Kids are back to school again and so I’m on my own again. I had a bit of an emotional moment yesterday as all I wanted to do was to be with my kids but they were doing their own thing and I was trying so hard to join in but the body just wouldn’t let me. I cleaned the kitchen and did some washing and then landed in bed with exhaustion. lol, sounds pathetic. I slumped off to my bed and wanted to cry. It’s so hard when you haven’t got a partner to off load household crap to and I feel guilty about asking the kids all the time as it’s not their fault I made this choice. They are doing their best but I can’t expect them to do everything. Stupid things like putting the recycling bin out was a huge task yet they forgot and so it was me who had to do it in the pissing rain. Still, it forced me to get off my arse I guess.

I still feel positive that everything will be ok and I’ve done the right thing and no doubt everyone has gone through the same emotions from time to time.
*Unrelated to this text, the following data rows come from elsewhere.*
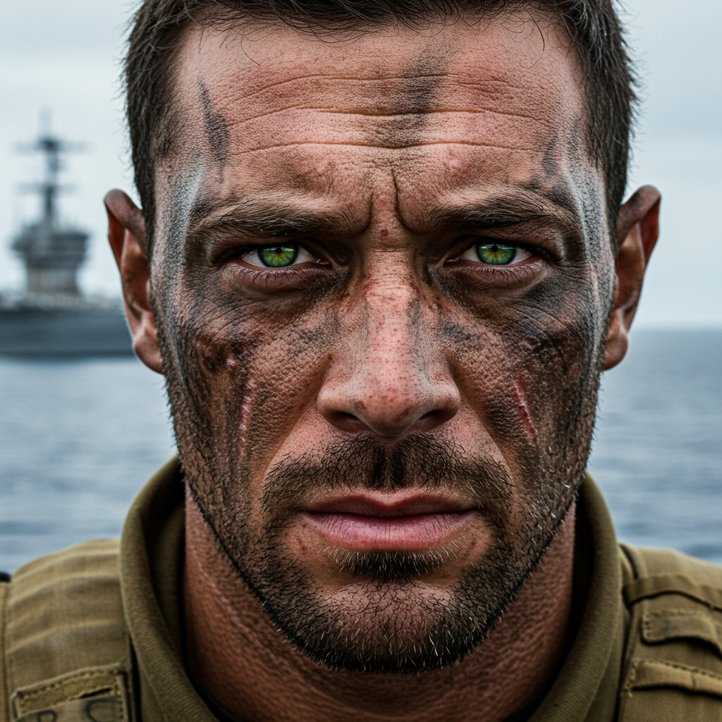 A striking close-up of a rugged navy seal with intense green eyes and a weathered face marked by faint scars, his face partially covered in tactical paint. He wears a distinguished navy seal uniform, exuding strength and resolve. In the blurred background, the silhouette of an aircraft carrier hints at his domain. Captured with a 50mm lens and natural lighting at F1.2, the photograph highlights the depth and resilience in his eyes, adding a layer of intrigue and storytelling to his formidable presence.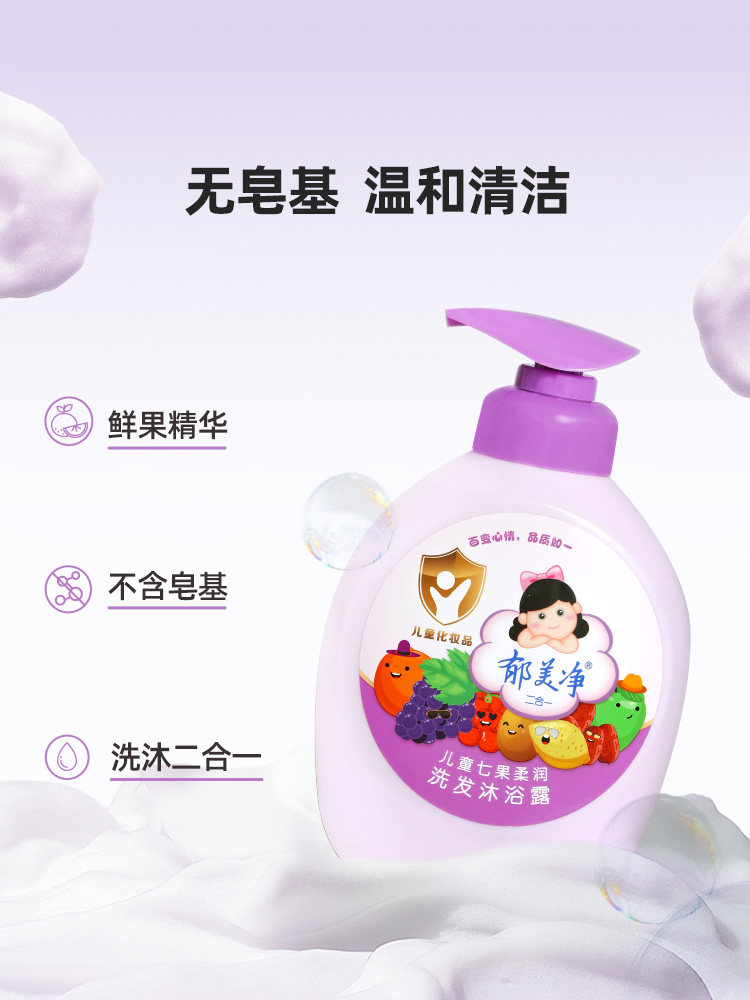 郁美净七果儿童洗发水沐浴露国货二合一2合1宝宝清爽泡泡浴专卖店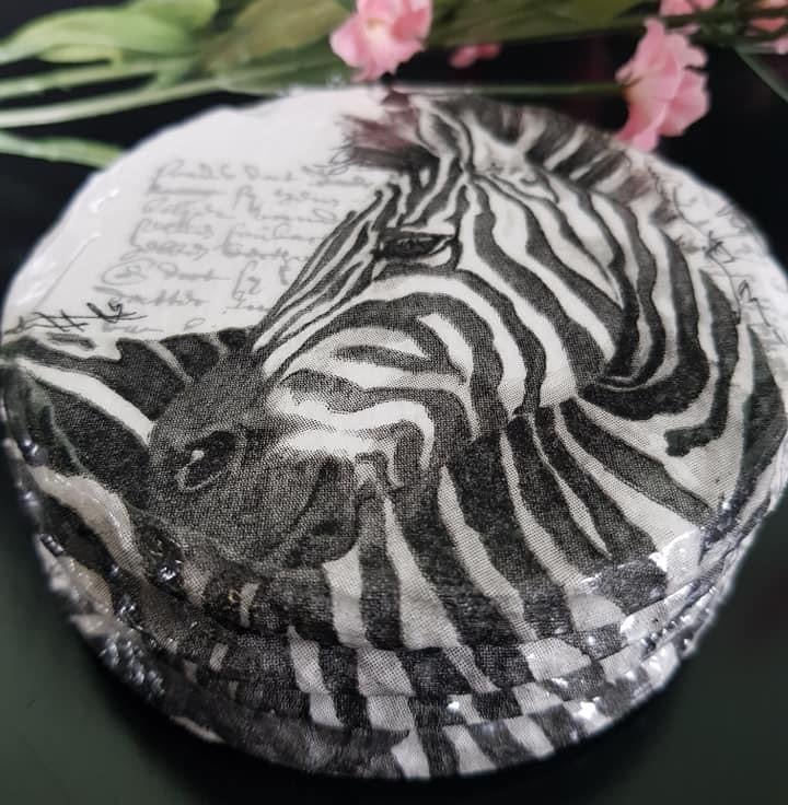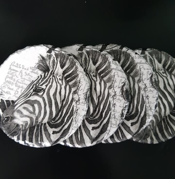 4 Zebra slate coasters, these coasters are designed using the decoupage napkin technique. Finished with a high quality heavy duty varnish, which makes them suitable for all hot and cold drinks.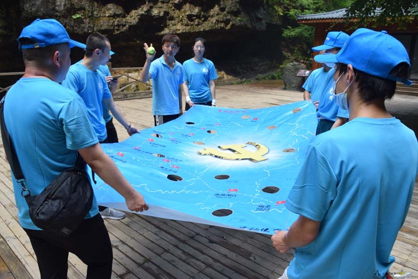 游戏规则也是非常的简单,需要成员们双手拉住世界球地图的边缘,通过左右移动让小球到达指定地点,中途小球不可以掉落,否则需要返回起点从新开始。在活动过程中,成员们不仅可以学会如何进行有效的沟通与交流,还能提高团队的执行力与团结协作力,提升团队的凝聚力;细节决定成败,态度决定一切,团队需要每个人的付出,才能有好的收获;团队成员之间相互鼓励,才能共同进步。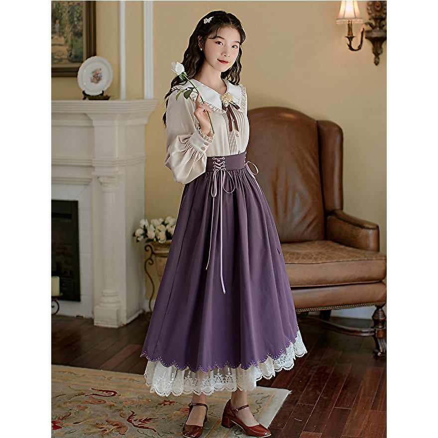 サブカル 服 地雷系 通販 ツーピース 長袖ブラウス レースアップ ロングスカート レトロ クラロリ クラシカルロリィタ フレンチロリータ 上品 清楚 甘め かわいい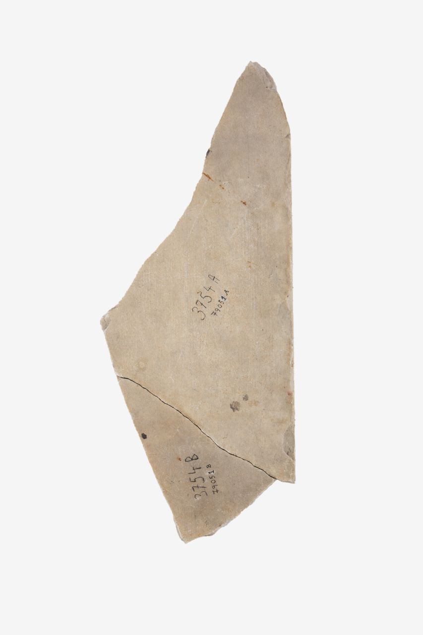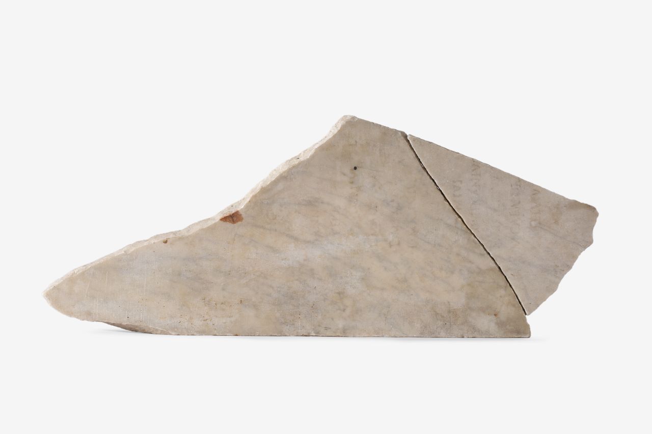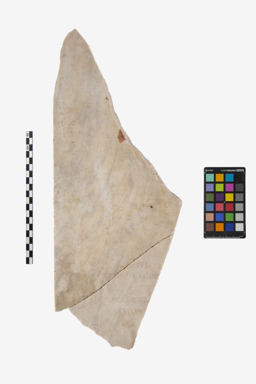 Frammento di lastra di marmo, fratta superiormente ed inferiormente, di forma irregolare, con iscrizione dipinta di cui si distinguono solo poche righe di una colonna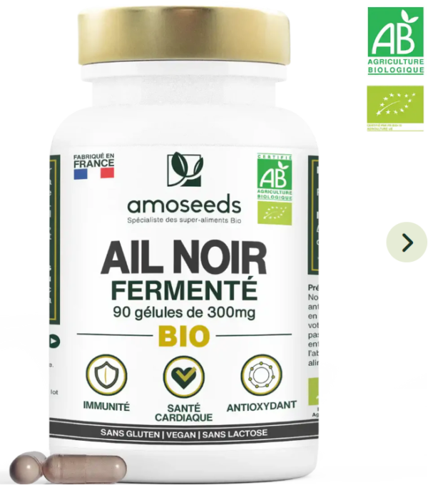 - CERTIFIÉ BIOLOGIQUE : boîte refermable recyclable de 90 gélules de 300 mg de poudre d’Ail Noir Biologique de Qualité Supérieure amoseeds. Produit 100 % vegan, sans conservateur, sans OGM, sans pesticides, sans colorant artificiel, sans gluten et sans lactose. Chaque lot est testé par des tiers afin de s’assurer de leur qualité et leur pureté.

I just wish I could go into a coma for a couple of weeks to get over the whole thing and then be able to do all I want to do. Daft bat or what. Having lost 2 close friends who live literally over the road to me was a huge blow but that’s life I guess. They have both had bypass and I was looking forward to being able to off load to them but life is full of ups and downs I guess. Not having family around either is hard but again, this was my choice and I know it was the right one – just need to get a month under my belt and I’m sure life will look and feel much better. Patience has never been my strong point 😉

I managed a whole weetabix yesterday (half in the morning and half in the evening) along with a slimfast and an inch of pure orange juice in a half pint glass. I’m trying to drink as much as I can but although I’m not obsessed with food, I do feel it’s a huge day long graze and going by the diet leaflet I’ve got, I’m running 2 meals and 2 snacks behind every day. I find it a bit funny really and know it will get better eventually. It’s so different to having the band (as far as my memory serves me) but saying that, it’s very similar. Does that make any sence?

I think my main problem is simply lack of adult contact during the working week and so I feel so very alone. I’ll just get my violin out shall I? LOL.

As we have 3 chickens, would I be able to make some egg custard and eat that at this stage or would the egg cause a problem? That’s probably such a thick question but I’m sure my protien levels are almost zero right now and it was just a thought.